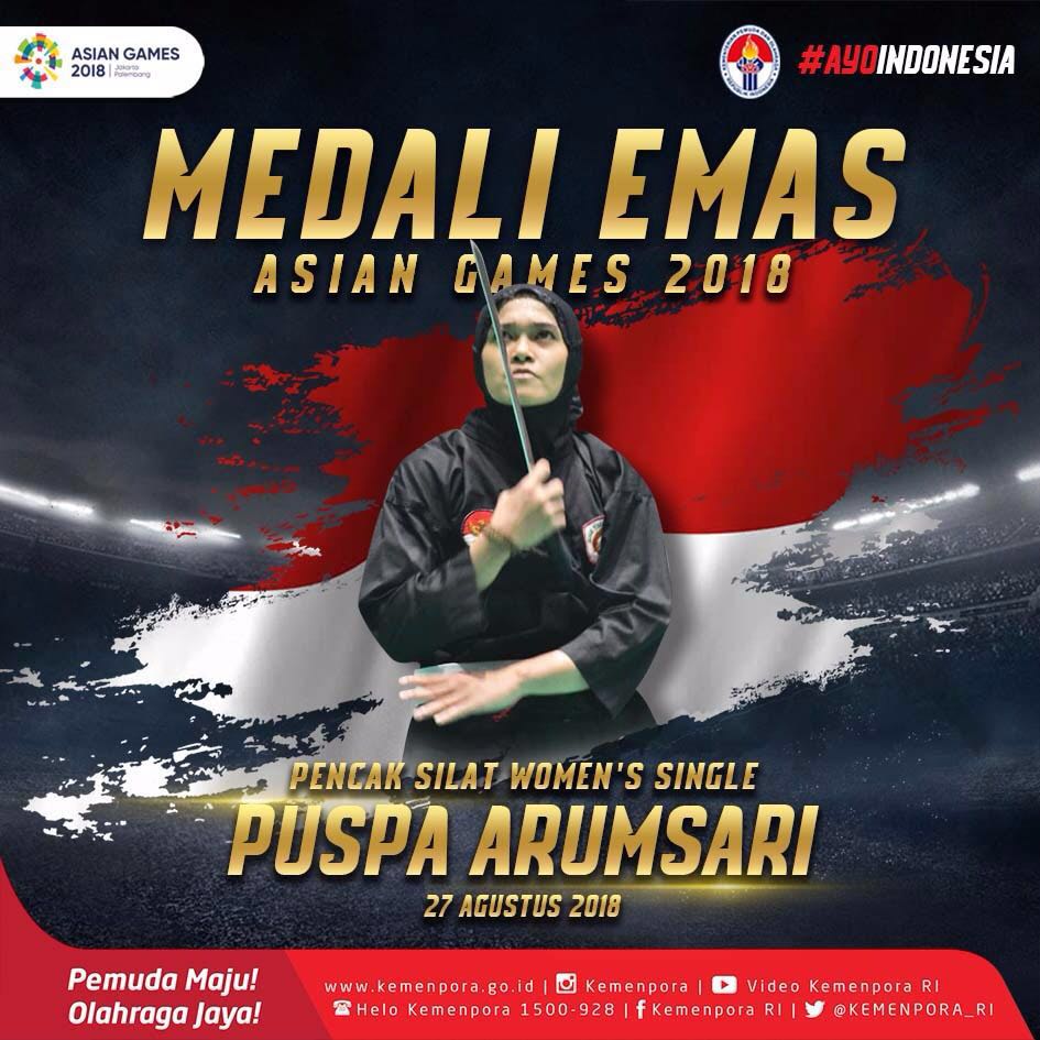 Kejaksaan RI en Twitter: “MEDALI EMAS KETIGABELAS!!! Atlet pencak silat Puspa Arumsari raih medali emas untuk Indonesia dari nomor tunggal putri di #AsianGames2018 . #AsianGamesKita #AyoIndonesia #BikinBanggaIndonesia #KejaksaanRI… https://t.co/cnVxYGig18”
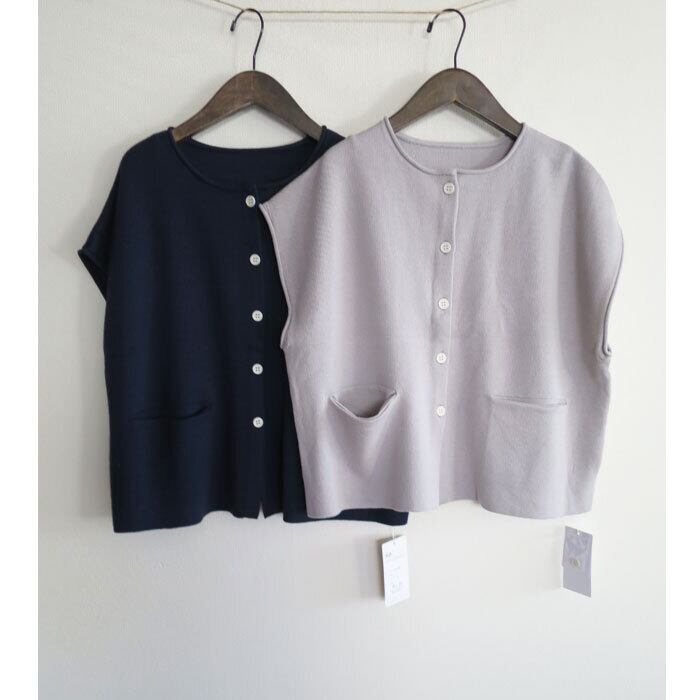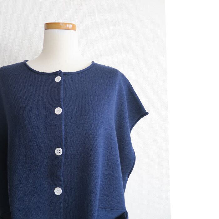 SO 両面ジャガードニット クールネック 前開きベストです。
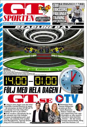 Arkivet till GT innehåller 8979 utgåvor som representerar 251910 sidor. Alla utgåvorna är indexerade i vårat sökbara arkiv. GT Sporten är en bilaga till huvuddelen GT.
****************************************
- [Exercise]: Please retype the material above exactly, and omit its images.

- [Your solution]:
 Kejaksaan RI en Twitter: “MEDALI EMAS KETIGABELAS!!! Atlet pencak silat Puspa Arumsari raih medali emas untuk Indonesia dari nomor tunggal putri di #AsianGames2018 . #AsianGamesKita #AyoIndonesia #BikinBanggaIndonesia #KejaksaanRI… https://t.co/cnVxYGig18”
 SO 両面ジャガードニット クールネック 前開きベストです。
 Arkivet till GT innehåller 8979 utgåvor som representerar 251910 sidor. Alla utgåvorna är indexerade i vårat sökbara arkiv. GT Sporten är en bilaga till huvuddelen GT.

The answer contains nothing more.